1. Get logits for a batch of seqs
2. Pick a seq of interest
3. Drop padding mask, which includes dropping SOS and EOS tokens too
4. Apply softmax to convert logits to probabilities
5. Make a fun heatmp viz

In [None]:
batch_logits = hidden_states_to_logits(hidden_states)

i_seq_of_interest = 1
logits = batch_logits[i_seq_of_interest]
logits = logits[pad_masks[i_seq_of_interest]]

logits.shape

In [None]:
probas = torch.softmax(logits, dim=-1).detach().cpu().numpy()
plt.matshow(probas.T)

### Example 1b: Argmax

1. Translate the logits/probas back into sequence space via argmax

In [None]:
# Argmax and compare prediction/reconstruction to true/input
pred_idx_list = np.argmax(probas, axis=-1).tolist()
true_idx_list = inferer.tokenizer.text_to_ids(seqs[i_seq_of_interest])
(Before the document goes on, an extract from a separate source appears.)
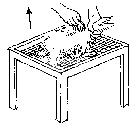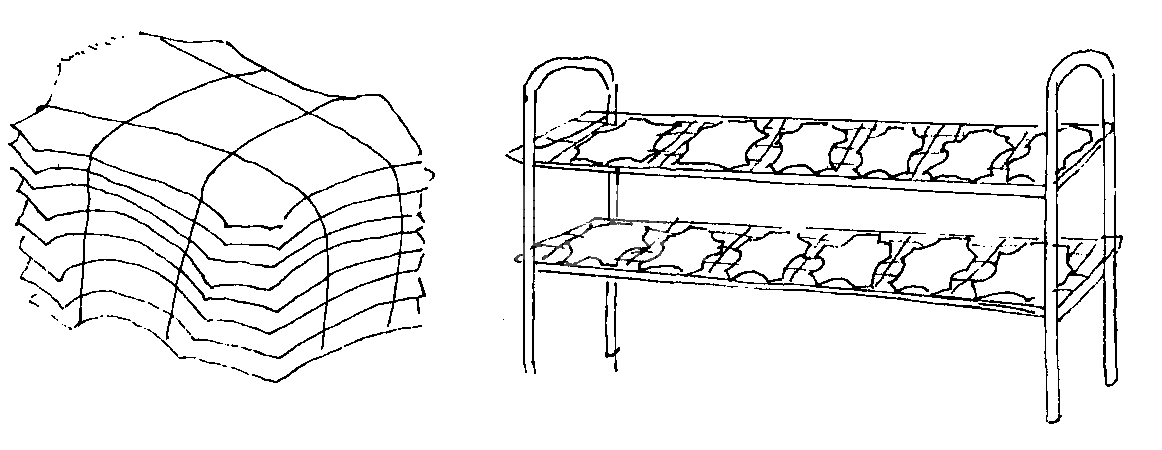 ⑦晾干的兔皮要毛对毛、肌板对肌板打捆入库保管。每捆50张或100张。库房要通风、干燥。要有专门的货架或竹笆条笆堆放,切忌直接放到地上,以免受潮。为了防止蛀虫,要经常喷洒灭害灵和检查晾晒,适时出售或鞣制加工。

pred_seq = inferer.tokenizer.ids_to_text(pred_idx_list).replace(" ", "")
true_seq = inferer.tokenizer.ids_to_text(true_idx_list).replace(" ", "")

display(pred_seq)
display(
    "".join(
        ["." if a == b else "|" for a, b in zip(pred_seq, true_seq)]
    )
)
display(true_seq)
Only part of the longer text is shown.